Omotoso rape trial postponed pending ConCourt outcome

Omotoso has 63 charges against him including racketeering
Omotoso has 63 charges against him including racketeering, rape, sexual assault and human trafficking. (Lulama Zenzile/Foto24/Gallo Images/Getty Images)

The rape trial of controversial televangelist Timothy Omotoso has been postponed to April 16 pending the outcome of his Constitutional Court application to compel the judge presiding over his case to recuse himself. 

Omotoso appeared briefly before the Eastern Cape high court on Monday alongside his two Lusanda Sulani and Zukiswa Sitho. 

The trial was postponed to February 4 in December 2018 pending the decision of the Supreme Court of Appeal (SCA) where he had applied to have the judge presiding over his case recuse himself.

The SCA dismissed Omotoso’s application. It also dismissed Omotoso’s application to have the charges against him dismissed.

READ MORE: SCA dismisses Omotoso’s bid to have judge recused

Omotoso has 63 charges against him including racketeering, rape, sexual assault and human trafficking. He has refused to plead to all the charges. He has been appearing in court alongside two co-accused, Lusanda Sulani and Zukiswa Sitho.

He is accused of trafficking more than 30 girls and women from the three branches of his church, Jesus Dominion International, to a house in Umhlanga, KwaZulu-Natal, where he allegedly sexually abused them.

Forty-nine witnesses have been called to testify in the trial.

Peter Daubermann — Omotoso’s lawyer — applied twice in 2018 for Judge Mandela Makaula to recuse himself from the trial, saying that his client has no chance of a fair trial.

This comes after Dauberman accused Makaula of being biased in favour of Cheryl Zondi, the first witness to testify. Omotoso’s legal team also accused the judge of having made up his mind about the outcome of the trial before even hearing the televangelists side of the story.

In an affidavit submitted by Dauberman, he criticised Makaula saying he has “allowed” his “humanity” to get the better of him.
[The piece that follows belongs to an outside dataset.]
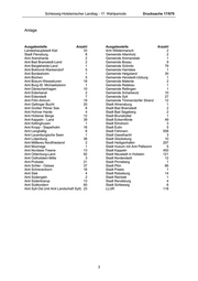 Schleswig-Holsteinischer Landtag - 17. Wahlperiode Drucksache 17/679 Anlage Ausgabestelle Anzahl Ausgabestelle Anzahl Landeshauptstadt Kiel 33 Amt Wilstermarsch 2 Stadt Flensburg 8 Gemeinde Altenholz 2 Amt Arensharde 2 Gemeinde Ammersbek 1 Amt Bad Bramstedt-Land 2 Gemeinde Bosau 9 Amt Bargteheide-Land 1 Gemeinde Grömitz 79 Amt Bokhorst-Wankendorf 5 Gemeinde Harrislee 1 Amt Bordesholm 1 Gemeinde Helgoland 30 Amt Büchen 5 Gemeinde Henstedt-Ulzburg 1 Amt Büsum-Wesseburen 18 Gemeinde Malente 2 Amt Burg-St. Michaelisdonn 1 Gemeinde Ratekau 1 Amt Dänischenhagen 10 Gemeinde Rellingen 1 Amt Eiderkanal 2 Gemeinde Scharbeutz 10 Amt Eiderstedt 7 Gemeinde Sylt 27 Amt Föhr-Amrum 19 Gemeinde Timmendorfer Strand 12 Amt Geltinger Bucht 20 Stadt Ahrensburg 1 Amt Großer Plöner See 6 Stadt Bad Bramstedt 2 Amt Hohner Harde 4 Stadt Bad Segeberg 2 Amt Hüttener Berge 12 Stadt Brunsbüttel 1 Amt Kappeln - Land 39 Stadt Eckernförde 49 Amt Kellinghusen 1 Stadt Elmshorn 3 Amt Kropp - Stapelholm 16 Stadt Eutin 5 Amt Langballig 6 Stadt Fehmarn 558 Amt Lauenburgische Seen 1 Stadt Geesthacht 3 Amt Lütjenburg 38 Stadt Glücksburg 10 Amt Mittleres Nordfriesland 2 Stadt Heiligenhafen 207 Amt Moorrege 1 Stadt Husum mit Amt Pellworm 5 Amt Nordsee-Treene 13 Stadt Kappeln 450 Amt Oldenburg-Land 92 Stadt Neustadt in Holstein 121 Amt Ostholstein-Mitte 3 Stadt Norderstedt 12 Amt Probstei 21 Stadt Pinneberg 1 Amt Schlei - Ostsee 37 Stadt Plön 66 Amt Schrevenborn 16 Stadt Preetz 1 Amt Siek 4 Stadt Ratzeburg 14 Amt Südangeln 2 Stadt Reinbek 1 Amt Süderbrarup 13 Stadt Rendsburg 4 Amt Südtondern 60 Stadt Schleswig 6 Amt Sylt-Ost (mit Amt Landschaft Sylt) 23 LLUR 118 3

Dauberman also said Makaula already believed Zondi’s version of events which is why the trial could not continue with the judge at the helm.

“A judge cannot display even the slightest display of prejudice,” Daubermann said at the time.

Makaula dismissed the application requesting him to recuse himself, saying Omotoso’s counsel did not provide him with compelling reasons why he should not preside over the trial.

“It is ridiculous in the extreme to assume that I had accepted Miss Zondi’s version of events before the accused has testified,” Makaula said.